What this task involves =
Below are some entries. Transcribe the lines from the one holding "楼层导引 | 文号: | 无 |" to the one holding "オータム 秋物 missk28312400667", inclusive, but not the pictures among them.

........

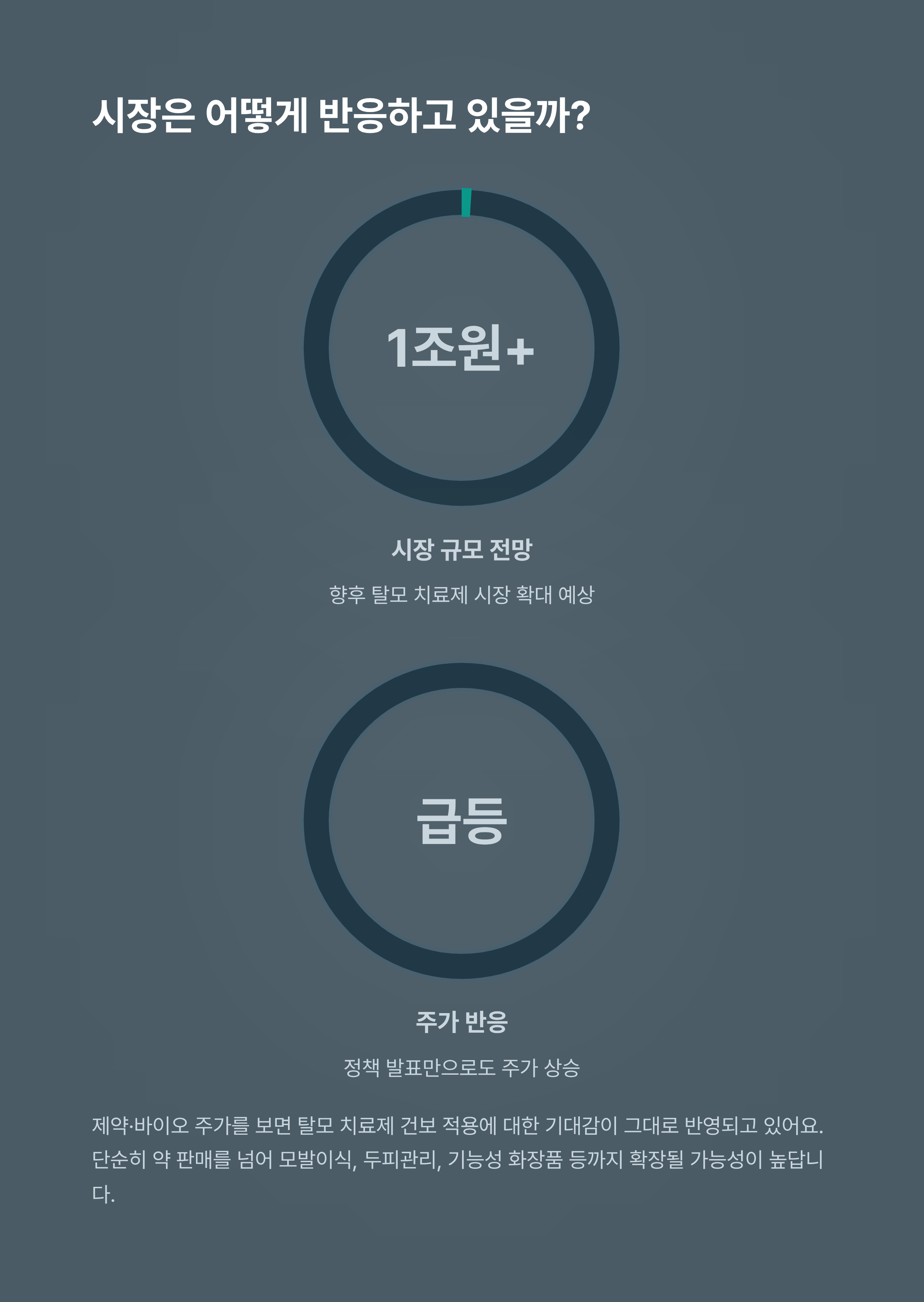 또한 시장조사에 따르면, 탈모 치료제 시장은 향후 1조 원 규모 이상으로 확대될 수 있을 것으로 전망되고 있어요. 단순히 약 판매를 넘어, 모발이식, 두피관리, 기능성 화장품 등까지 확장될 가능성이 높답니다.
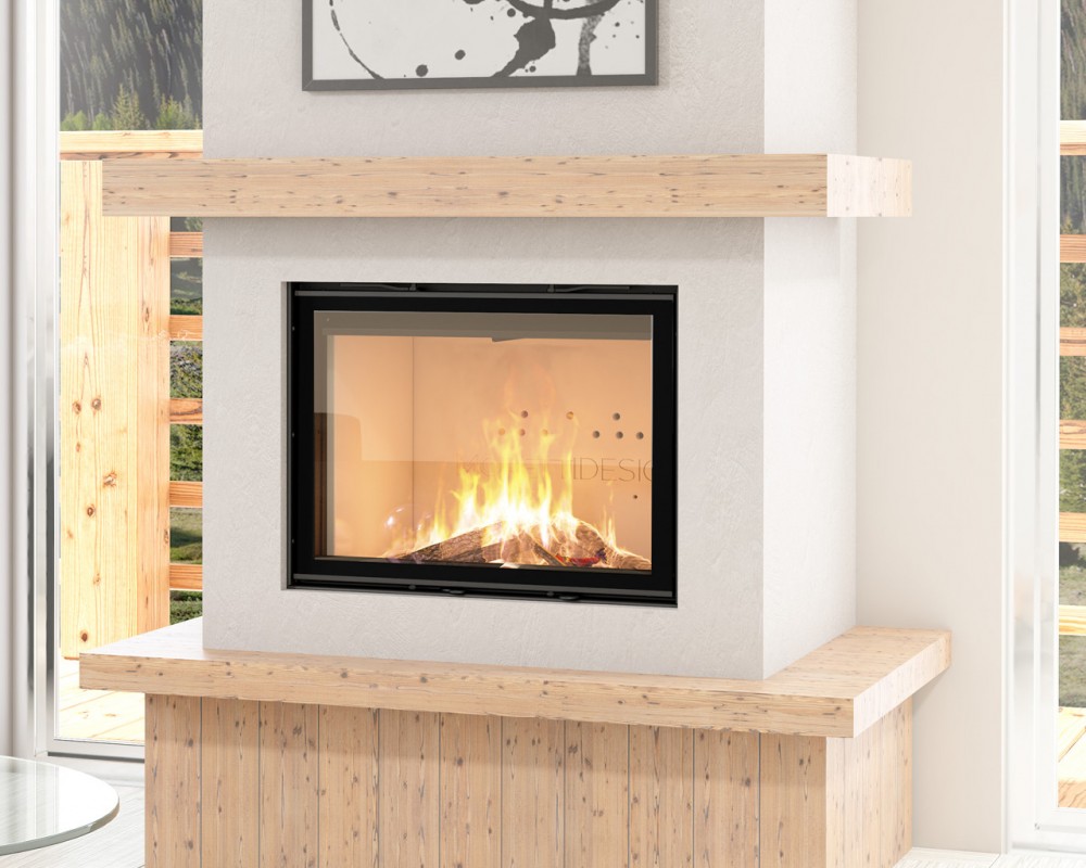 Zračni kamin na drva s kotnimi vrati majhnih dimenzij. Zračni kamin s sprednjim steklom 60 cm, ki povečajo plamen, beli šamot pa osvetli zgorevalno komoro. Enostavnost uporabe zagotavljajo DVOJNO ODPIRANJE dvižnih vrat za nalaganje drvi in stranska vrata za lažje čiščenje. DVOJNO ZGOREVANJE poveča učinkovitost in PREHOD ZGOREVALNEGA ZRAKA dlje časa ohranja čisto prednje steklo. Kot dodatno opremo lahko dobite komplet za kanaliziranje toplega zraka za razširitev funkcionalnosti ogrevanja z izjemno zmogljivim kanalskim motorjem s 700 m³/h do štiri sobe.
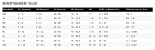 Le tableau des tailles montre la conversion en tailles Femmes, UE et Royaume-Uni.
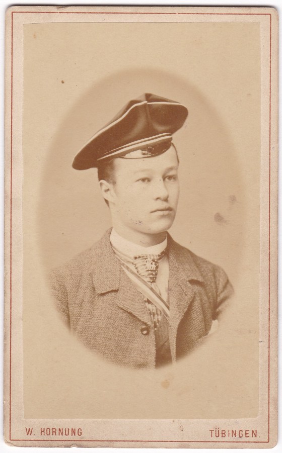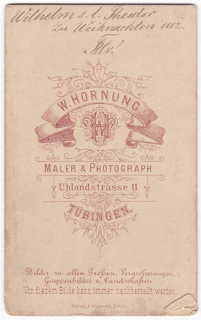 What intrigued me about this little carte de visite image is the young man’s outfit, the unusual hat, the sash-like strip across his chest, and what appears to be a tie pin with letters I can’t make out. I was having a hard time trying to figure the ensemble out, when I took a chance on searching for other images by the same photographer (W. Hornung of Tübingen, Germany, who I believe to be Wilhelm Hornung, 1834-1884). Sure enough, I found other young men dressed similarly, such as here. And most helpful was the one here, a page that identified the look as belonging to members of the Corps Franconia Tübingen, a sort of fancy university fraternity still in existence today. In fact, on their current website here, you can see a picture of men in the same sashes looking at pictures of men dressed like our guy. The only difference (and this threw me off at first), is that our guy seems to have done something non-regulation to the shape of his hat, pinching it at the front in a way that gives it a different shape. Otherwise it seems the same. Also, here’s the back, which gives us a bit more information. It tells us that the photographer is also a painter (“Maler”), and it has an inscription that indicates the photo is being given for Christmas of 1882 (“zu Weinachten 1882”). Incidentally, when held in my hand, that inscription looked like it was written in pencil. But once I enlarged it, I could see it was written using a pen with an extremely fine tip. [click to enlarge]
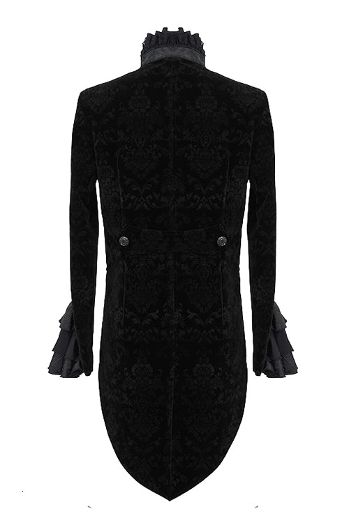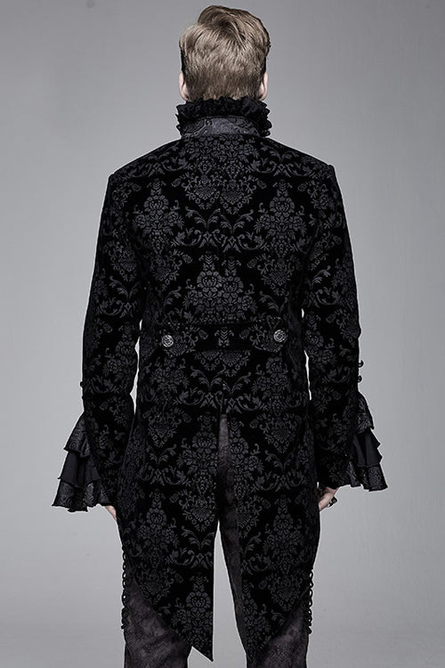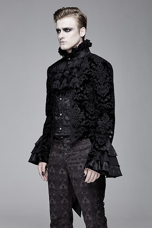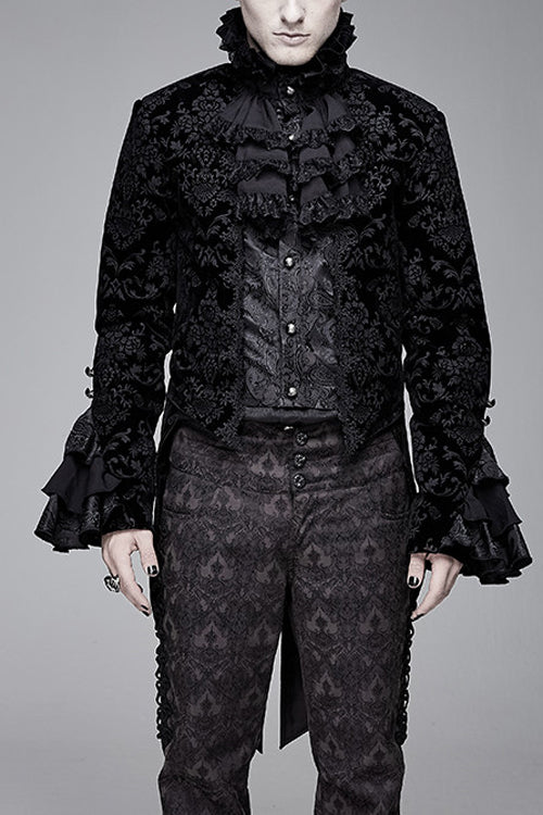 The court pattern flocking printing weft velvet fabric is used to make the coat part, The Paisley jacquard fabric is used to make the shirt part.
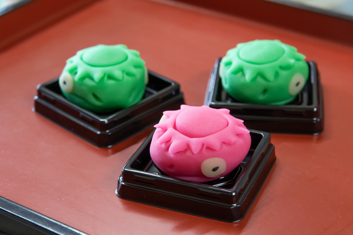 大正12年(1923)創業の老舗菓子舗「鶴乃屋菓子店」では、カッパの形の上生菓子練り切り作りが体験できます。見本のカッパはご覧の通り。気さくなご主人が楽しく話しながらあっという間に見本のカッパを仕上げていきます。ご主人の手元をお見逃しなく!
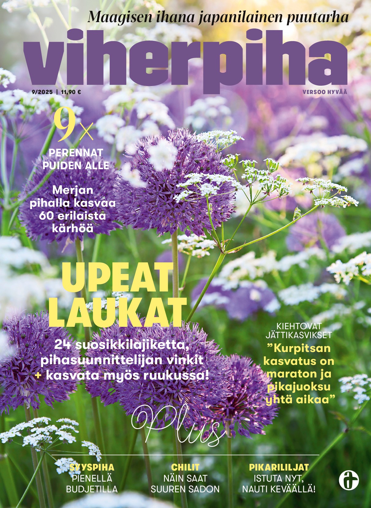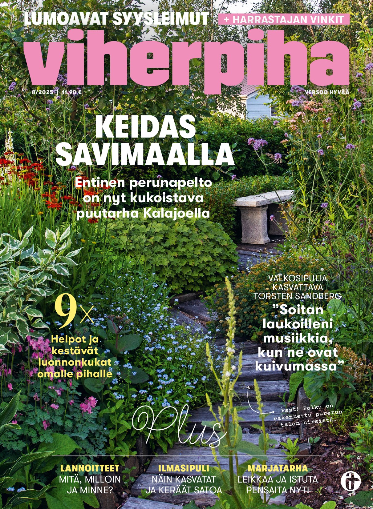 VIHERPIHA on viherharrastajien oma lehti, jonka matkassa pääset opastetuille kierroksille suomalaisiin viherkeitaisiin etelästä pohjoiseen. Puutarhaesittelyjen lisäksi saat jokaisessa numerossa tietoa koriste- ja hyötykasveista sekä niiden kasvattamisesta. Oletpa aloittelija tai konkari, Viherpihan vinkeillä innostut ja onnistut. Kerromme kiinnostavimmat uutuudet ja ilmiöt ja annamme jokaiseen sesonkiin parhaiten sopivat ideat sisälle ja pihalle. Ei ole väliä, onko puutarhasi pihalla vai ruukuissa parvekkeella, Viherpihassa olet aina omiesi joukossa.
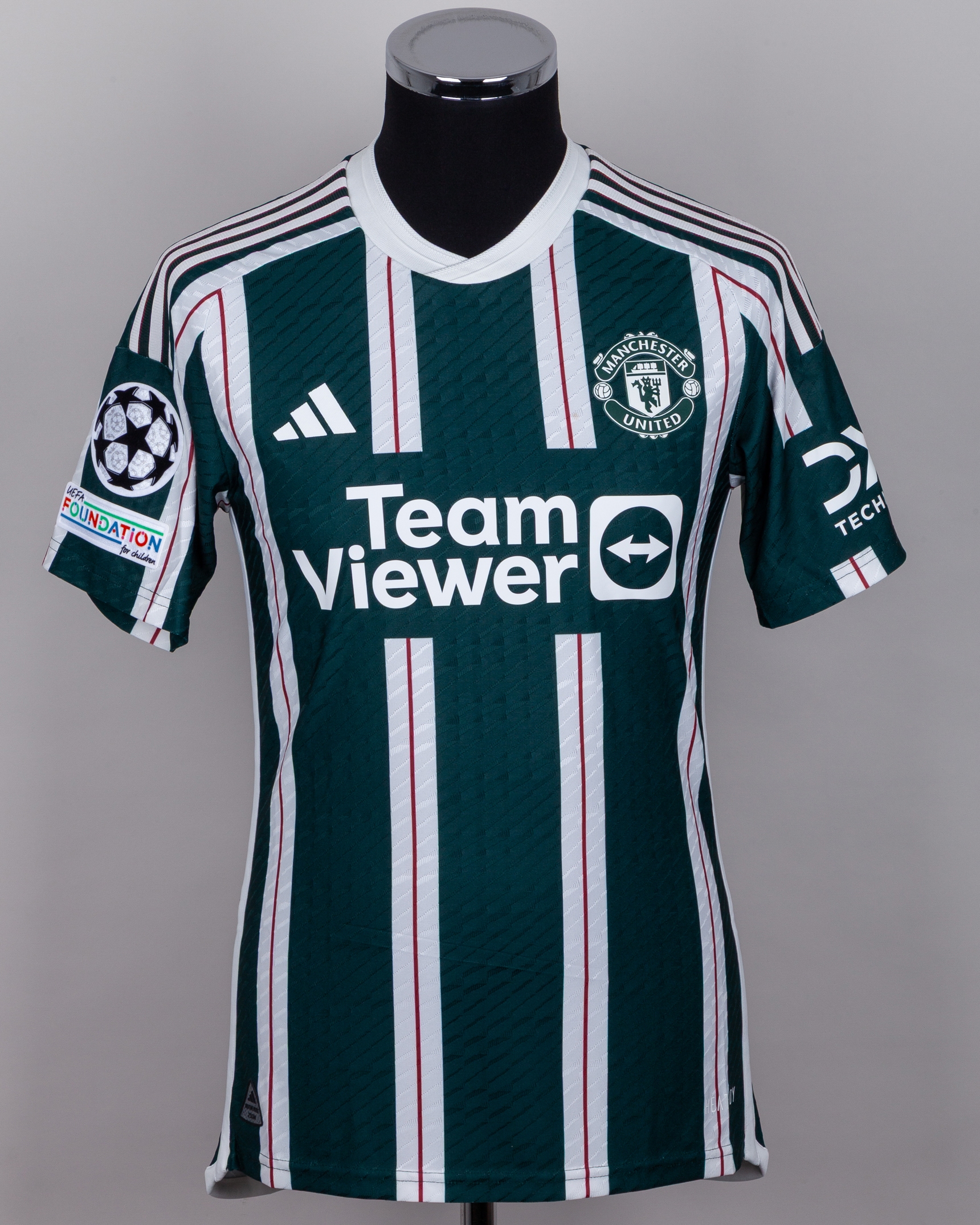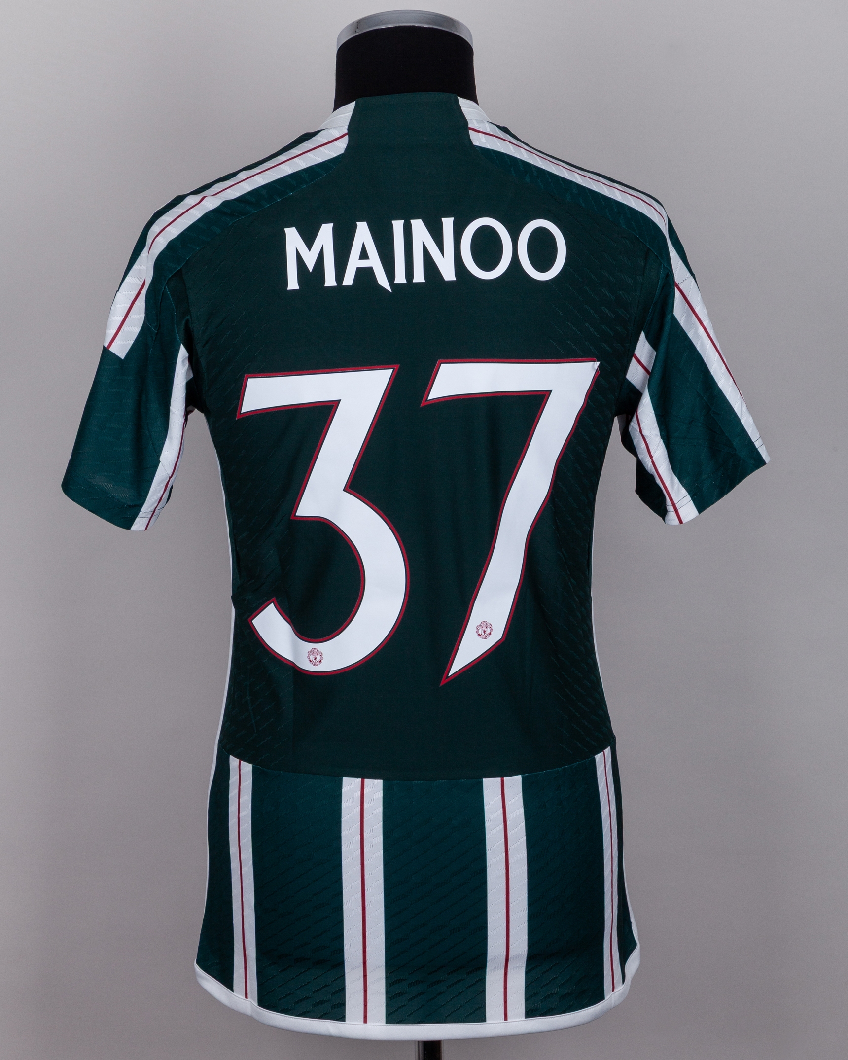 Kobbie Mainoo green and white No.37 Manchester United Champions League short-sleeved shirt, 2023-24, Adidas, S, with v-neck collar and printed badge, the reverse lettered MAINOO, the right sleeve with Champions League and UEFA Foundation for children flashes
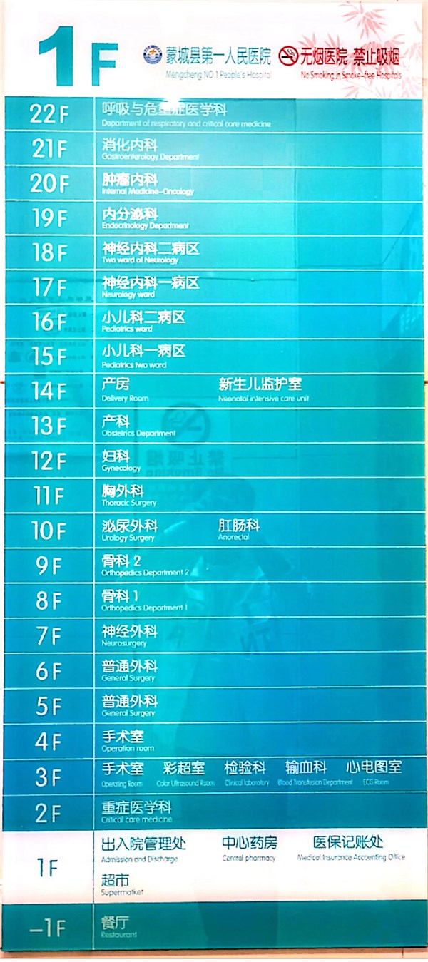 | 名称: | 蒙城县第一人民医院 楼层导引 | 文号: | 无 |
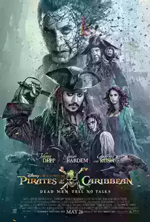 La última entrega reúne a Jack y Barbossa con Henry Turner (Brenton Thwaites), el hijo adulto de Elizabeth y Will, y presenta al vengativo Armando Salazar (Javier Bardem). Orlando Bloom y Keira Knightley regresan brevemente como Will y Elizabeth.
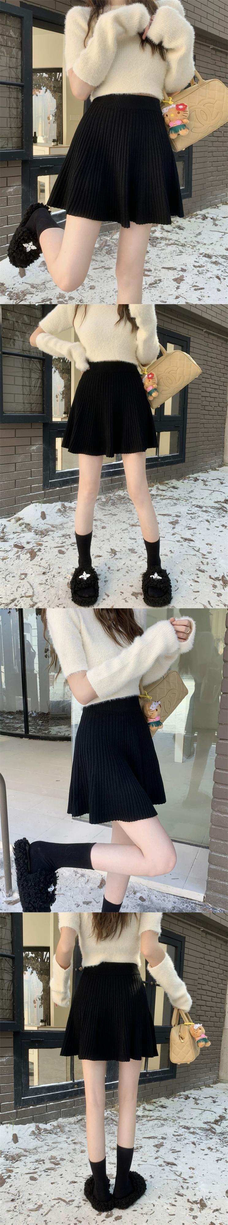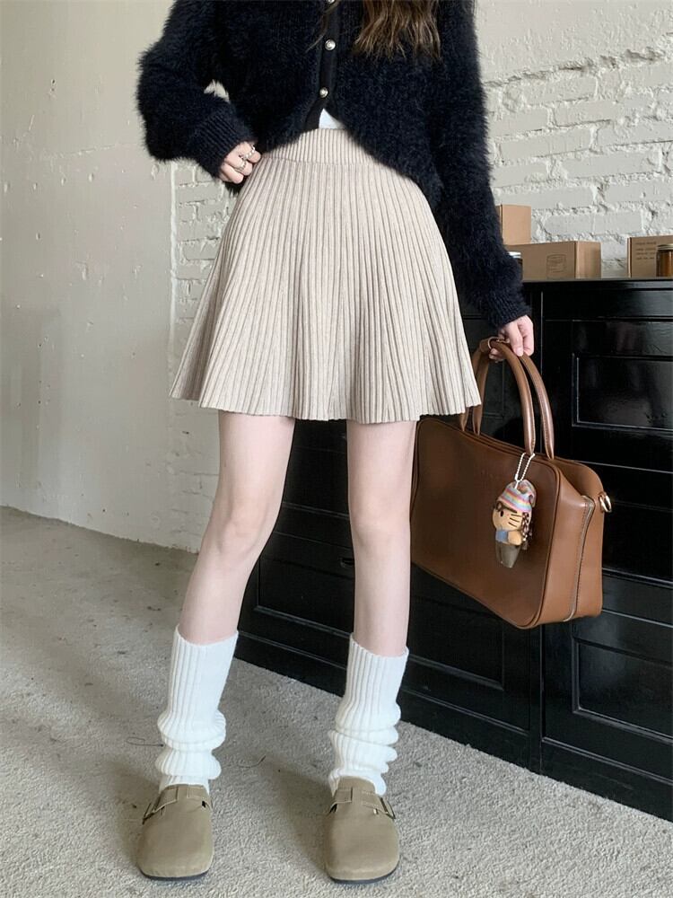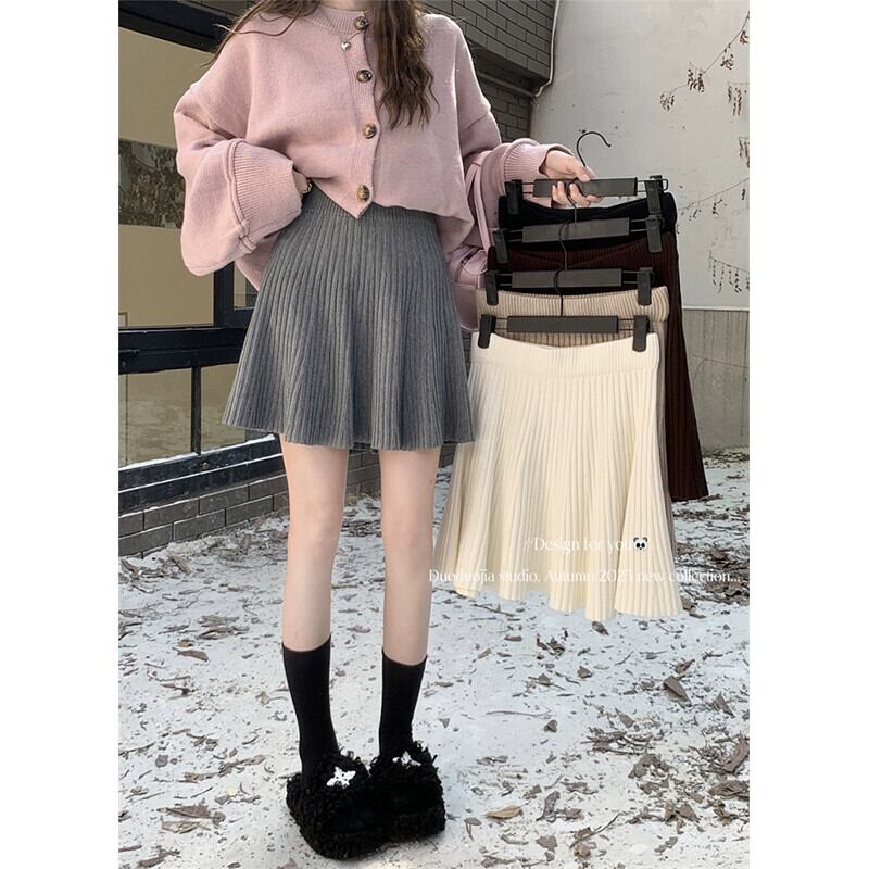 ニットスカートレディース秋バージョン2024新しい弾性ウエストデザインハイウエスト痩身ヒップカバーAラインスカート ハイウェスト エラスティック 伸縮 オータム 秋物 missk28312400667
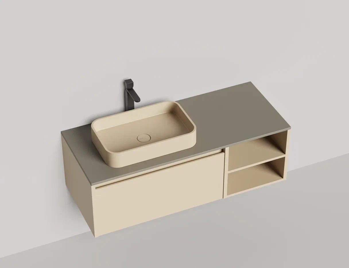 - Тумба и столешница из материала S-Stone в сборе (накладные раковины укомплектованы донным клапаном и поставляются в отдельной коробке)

........

Finished task =
 | 名称: | 蒙城县第一人民医院 楼层导引 | 文号: | 无 |
 La última entrega reúne a Jack y Barbossa con Henry Turner (Brenton Thwaites), el hijo adulto de Elizabeth y Will, y presenta al vengativo Armando Salazar (Javier Bardem). Orlando Bloom y Keira Knightley regresan brevemente como Will y Elizabeth.
 ニットスカートレディース秋バージョン2024新しい弾性ウエストデザインハイウエスト痩身ヒップカバーAラインスカート ハイウェスト エラスティック 伸縮 オータム 秋物 missk28312400667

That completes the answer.